Final answer:
Economists focus on marginal benefits and costs instead of total benefits and costs when making decisions because it helps them analyze how costs and benefits change from one option to another.
Step-by-step explanation:
Economists focus on marginal benefits and costs rather than total benefits and costs when making decisions because it helps them analyze how costs and benefits change from one option to another. Marginal analysis involves examining the benefits and costs of choosing a little more or a little less of a good. This approach is important because it allows economists to consider the incremental impact of each additional unit of a good or resource.
For example, let's say a business is deciding whether to produce and sell one more unit of a product. By considering the marginal benefits and costs, economists can determine if the additional revenue from selling the extra unit outweighs the additional production costs. This helps them make informed decisions about production and allocation of resources.
Economists prefer marginal analysis because it better informs decisions on the incremental benefits and costs of goods, which is more relevant due to the principle of diminishing marginal utility.

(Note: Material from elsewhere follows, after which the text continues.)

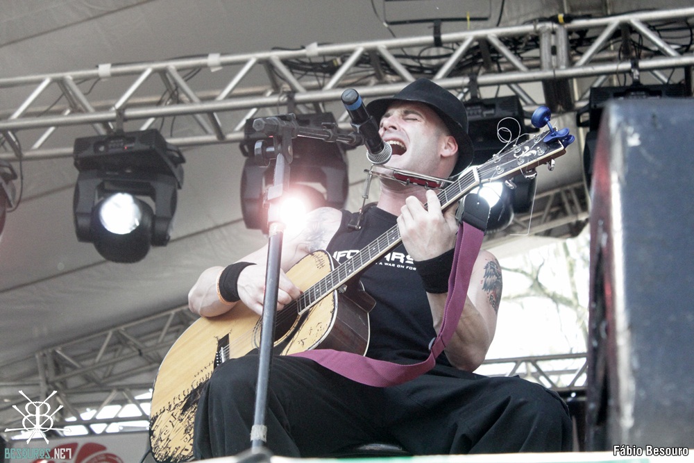 As 15h30 sobe no palco Michale Graves (ex-Misfits)! A maioria do público vestia camisetas da antiga banda de Graves. A expectativa era alta para o show. Mas embora não fosse anunciado, Graves subiu no palco sozinho, com um violão e uma gaita para um show acústico. Eu sabia que ele fazia shows assim, mas tinha uma esperança de vê-lo com uma banda!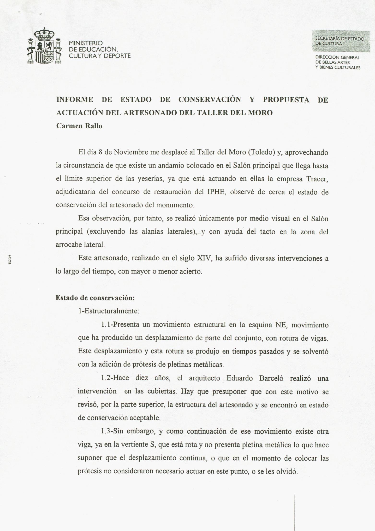 Informe de visita para la restauración de los artesonados del Taller del Moro de Toledo

Economists focus on marginal benefits and marginal costs rather than total benefits and costs when making decisions because most choices involve examining the additional benefits and costs of consuming a little more or a little less of a good. This approach, known as marginal analysis, is essential since the optimal decision often depends on how these marginal benefits and costs compare incrementally, rather than on the totals. The concept of diminishing marginal utility further supports marginal decision-making, as it illustrates that the extra benefit gained from consuming additional units of a good decreases as more of the good is consumed, making the evaluation of the next unit more relevant than the total quantity.